Where the records appear below, transcribe them exactly, leaving none out.

──────── EXTRACTED ENTRIES

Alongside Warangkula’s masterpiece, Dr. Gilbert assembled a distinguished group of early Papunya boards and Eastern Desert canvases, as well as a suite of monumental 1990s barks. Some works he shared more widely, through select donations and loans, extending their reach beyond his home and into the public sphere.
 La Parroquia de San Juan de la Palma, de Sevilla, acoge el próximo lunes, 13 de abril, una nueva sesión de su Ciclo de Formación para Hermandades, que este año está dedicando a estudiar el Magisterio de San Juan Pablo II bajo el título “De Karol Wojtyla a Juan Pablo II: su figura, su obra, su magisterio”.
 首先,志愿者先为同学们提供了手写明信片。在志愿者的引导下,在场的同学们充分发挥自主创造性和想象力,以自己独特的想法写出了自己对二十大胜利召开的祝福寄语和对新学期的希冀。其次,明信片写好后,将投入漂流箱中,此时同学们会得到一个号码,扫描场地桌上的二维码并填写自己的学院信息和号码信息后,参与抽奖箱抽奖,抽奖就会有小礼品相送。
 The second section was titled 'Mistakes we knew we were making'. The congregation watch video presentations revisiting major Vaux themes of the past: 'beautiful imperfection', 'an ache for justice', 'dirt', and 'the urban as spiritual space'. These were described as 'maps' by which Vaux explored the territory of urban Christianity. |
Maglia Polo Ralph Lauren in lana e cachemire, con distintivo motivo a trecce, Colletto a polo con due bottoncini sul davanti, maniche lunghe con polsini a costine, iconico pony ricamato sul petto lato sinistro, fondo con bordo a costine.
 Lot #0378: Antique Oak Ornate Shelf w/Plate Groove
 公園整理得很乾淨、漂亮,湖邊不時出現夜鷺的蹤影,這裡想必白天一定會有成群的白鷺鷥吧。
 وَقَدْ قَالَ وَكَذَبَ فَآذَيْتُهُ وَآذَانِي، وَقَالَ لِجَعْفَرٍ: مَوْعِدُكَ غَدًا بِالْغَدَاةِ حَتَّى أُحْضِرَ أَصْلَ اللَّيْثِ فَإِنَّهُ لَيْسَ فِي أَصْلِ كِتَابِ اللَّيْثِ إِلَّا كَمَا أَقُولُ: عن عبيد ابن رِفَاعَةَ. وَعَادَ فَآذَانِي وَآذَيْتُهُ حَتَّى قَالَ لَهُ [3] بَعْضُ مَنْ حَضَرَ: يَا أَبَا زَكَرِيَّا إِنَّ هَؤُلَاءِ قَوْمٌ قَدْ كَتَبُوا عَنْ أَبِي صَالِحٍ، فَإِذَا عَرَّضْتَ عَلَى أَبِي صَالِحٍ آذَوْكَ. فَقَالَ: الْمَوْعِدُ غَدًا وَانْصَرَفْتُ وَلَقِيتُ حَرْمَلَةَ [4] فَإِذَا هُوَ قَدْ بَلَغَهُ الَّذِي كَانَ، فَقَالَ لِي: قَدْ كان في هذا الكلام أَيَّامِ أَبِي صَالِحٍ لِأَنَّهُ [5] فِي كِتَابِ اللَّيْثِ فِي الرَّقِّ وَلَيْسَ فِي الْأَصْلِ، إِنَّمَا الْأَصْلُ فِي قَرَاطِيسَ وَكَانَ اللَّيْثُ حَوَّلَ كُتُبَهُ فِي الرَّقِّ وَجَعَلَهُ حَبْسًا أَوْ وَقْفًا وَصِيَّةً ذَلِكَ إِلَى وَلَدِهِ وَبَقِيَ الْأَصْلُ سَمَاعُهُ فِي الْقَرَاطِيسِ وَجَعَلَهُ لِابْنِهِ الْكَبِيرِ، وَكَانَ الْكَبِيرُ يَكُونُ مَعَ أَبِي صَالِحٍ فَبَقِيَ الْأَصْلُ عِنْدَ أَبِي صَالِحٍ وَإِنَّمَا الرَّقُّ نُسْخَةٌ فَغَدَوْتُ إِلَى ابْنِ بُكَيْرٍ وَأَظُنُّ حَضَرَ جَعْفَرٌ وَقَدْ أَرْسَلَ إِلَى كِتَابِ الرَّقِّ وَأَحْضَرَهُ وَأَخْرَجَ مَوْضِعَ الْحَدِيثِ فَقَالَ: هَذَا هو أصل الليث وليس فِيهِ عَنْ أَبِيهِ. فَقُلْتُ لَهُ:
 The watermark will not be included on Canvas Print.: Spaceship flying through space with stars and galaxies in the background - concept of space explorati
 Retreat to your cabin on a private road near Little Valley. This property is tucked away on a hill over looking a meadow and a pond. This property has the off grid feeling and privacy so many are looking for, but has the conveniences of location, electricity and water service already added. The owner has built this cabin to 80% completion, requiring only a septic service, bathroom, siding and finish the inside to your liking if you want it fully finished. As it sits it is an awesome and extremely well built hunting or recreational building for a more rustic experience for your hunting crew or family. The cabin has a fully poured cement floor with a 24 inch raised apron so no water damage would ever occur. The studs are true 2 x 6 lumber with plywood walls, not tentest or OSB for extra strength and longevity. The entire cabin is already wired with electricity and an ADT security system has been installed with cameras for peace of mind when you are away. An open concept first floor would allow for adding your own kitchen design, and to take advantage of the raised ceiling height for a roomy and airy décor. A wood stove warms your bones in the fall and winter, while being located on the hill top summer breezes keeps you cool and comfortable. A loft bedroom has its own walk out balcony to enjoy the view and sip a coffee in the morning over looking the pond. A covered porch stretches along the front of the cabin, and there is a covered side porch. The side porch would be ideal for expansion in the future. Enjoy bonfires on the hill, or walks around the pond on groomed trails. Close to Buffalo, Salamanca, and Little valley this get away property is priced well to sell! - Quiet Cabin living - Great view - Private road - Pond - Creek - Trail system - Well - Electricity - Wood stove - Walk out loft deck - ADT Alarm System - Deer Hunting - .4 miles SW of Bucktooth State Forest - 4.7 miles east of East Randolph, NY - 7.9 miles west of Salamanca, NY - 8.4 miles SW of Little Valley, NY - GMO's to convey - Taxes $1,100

────────────────

ANSWER FOR THIS EXERCISE
Alongside Warangkula’s masterpiece, Dr. Gilbert assembled a distinguished group of early Papunya boards and Eastern Desert canvases, as well as a suite of monumental 1990s barks. Some works he shared more widely, through select donations and loans, extending their reach beyond his home and into the public sphere.
 La Parroquia de San Juan de la Palma, de Sevilla, acoge el próximo lunes, 13 de abril, una nueva sesión de su Ciclo de Formación para Hermandades, que este año está dedicando a estudiar el Magisterio de San Juan Pablo II bajo el título “De Karol Wojtyla a Juan Pablo II: su figura, su obra, su magisterio”.
 首先,志愿者先为同学们提供了手写明信片。在志愿者的引导下,在场的同学们充分发挥自主创造性和想象力,以自己独特的想法写出了自己对二十大胜利召开的祝福寄语和对新学期的希冀。其次,明信片写好后,将投入漂流箱中,此时同学们会得到一个号码,扫描场地桌上的二维码并填写自己的学院信息和号码信息后,参与抽奖箱抽奖,抽奖就会有小礼品相送。
 The second section was titled 'Mistakes we knew we were making'. The congregation watch video presentations revisiting major Vaux themes of the past: 'beautiful imperfection', 'an ache for justice', 'dirt', and 'the urban as spiritual space'. These were described as 'maps' by which Vaux explored the territory of urban Christianity. |
Maglia Polo Ralph Lauren in lana e cachemire, con distintivo motivo a trecce, Colletto a polo con due bottoncini sul davanti, maniche lunghe con polsini a costine, iconico pony ricamato sul petto lato sinistro, fondo con bordo a costine.
 Lot #0378: Antique Oak Ornate Shelf w/Plate Groove
 公園整理得很乾淨、漂亮,湖邊不時出現夜鷺的蹤影,這裡想必白天一定會有成群的白鷺鷥吧。
 وَقَدْ قَالَ وَكَذَبَ فَآذَيْتُهُ وَآذَانِي، وَقَالَ لِجَعْفَرٍ: مَوْعِدُكَ غَدًا بِالْغَدَاةِ حَتَّى أُحْضِرَ أَصْلَ اللَّيْثِ فَإِنَّهُ لَيْسَ فِي أَصْلِ كِتَابِ اللَّيْثِ إِلَّا كَمَا أَقُولُ: عن عبيد ابن رِفَاعَةَ. وَعَادَ فَآذَانِي وَآذَيْتُهُ حَتَّى قَالَ لَهُ [3] بَعْضُ مَنْ حَضَرَ: يَا أَبَا زَكَرِيَّا إِنَّ هَؤُلَاءِ قَوْمٌ قَدْ كَتَبُوا عَنْ أَبِي صَالِحٍ، فَإِذَا عَرَّضْتَ عَلَى أَبِي صَالِحٍ آذَوْكَ. فَقَالَ: الْمَوْعِدُ غَدًا وَانْصَرَفْتُ وَلَقِيتُ حَرْمَلَةَ [4] فَإِذَا هُوَ قَدْ بَلَغَهُ الَّذِي كَانَ، فَقَالَ لِي: قَدْ كان في هذا الكلام أَيَّامِ أَبِي صَالِحٍ لِأَنَّهُ [5] فِي كِتَابِ اللَّيْثِ فِي الرَّقِّ وَلَيْسَ فِي الْأَصْلِ، إِنَّمَا الْأَصْلُ فِي قَرَاطِيسَ وَكَانَ اللَّيْثُ حَوَّلَ كُتُبَهُ فِي الرَّقِّ وَجَعَلَهُ حَبْسًا أَوْ وَقْفًا وَصِيَّةً ذَلِكَ إِلَى وَلَدِهِ وَبَقِيَ الْأَصْلُ سَمَاعُهُ فِي الْقَرَاطِيسِ وَجَعَلَهُ لِابْنِهِ الْكَبِيرِ، وَكَانَ الْكَبِيرُ يَكُونُ مَعَ أَبِي صَالِحٍ فَبَقِيَ الْأَصْلُ عِنْدَ أَبِي صَالِحٍ وَإِنَّمَا الرَّقُّ نُسْخَةٌ فَغَدَوْتُ إِلَى ابْنِ بُكَيْرٍ وَأَظُنُّ حَضَرَ جَعْفَرٌ وَقَدْ أَرْسَلَ إِلَى كِتَابِ الرَّقِّ وَأَحْضَرَهُ وَأَخْرَجَ مَوْضِعَ الْحَدِيثِ فَقَالَ: هَذَا هو أصل الليث وليس فِيهِ عَنْ أَبِيهِ. فَقُلْتُ لَهُ:
 The watermark will not be included on Canvas Print.: Spaceship flying through space with stars and galaxies in the background - concept of space explorati
 Retreat to your cabin on a private road near Little Valley. This property is tucked away on a hill over looking a meadow and a pond. This property has the off grid feeling and privacy so many are looking for, but has the conveniences of location, electricity and water service already added. The owner has built this cabin to 80% completion, requiring only a septic service, bathroom, siding and finish the inside to your liking if you want it fully finished. As it sits it is an awesome and extremely well built hunting or recreational building for a more rustic experience for your hunting crew or family. The cabin has a fully poured cement floor with a 24 inch raised apron so no water damage would ever occur. The studs are true 2 x 6 lumber with plywood walls, not tentest or OSB for extra strength and longevity. The entire cabin is already wired with electricity and an ADT security system has been installed with cameras for peace of mind when you are away. An open concept first floor would allow for adding your own kitchen design, and to take advantage of the raised ceiling height for a roomy and airy décor. A wood stove warms your bones in the fall and winter, while being located on the hill top summer breezes keeps you cool and comfortable. A loft bedroom has its own walk out balcony to enjoy the view and sip a coffee in the morning over looking the pond. A covered porch stretches along the front of the cabin, and there is a covered side porch. The side porch would be ideal for expansion in the future. Enjoy bonfires on the hill, or walks around the pond on groomed trails. Close to Buffalo, Salamanca, and Little valley this get away property is priced well to sell! - Quiet Cabin living - Great view - Private road - Pond - Creek - Trail system - Well - Electricity - Wood stove - Walk out loft deck - ADT Alarm System - Deer Hunting - .4 miles SW of Bucktooth State Forest - 4.7 miles east of East Randolph, NY - 7.9 miles west of Salamanca, NY - 8.4 miles SW of Little Valley, NY - GMO's to convey - Taxes $1,100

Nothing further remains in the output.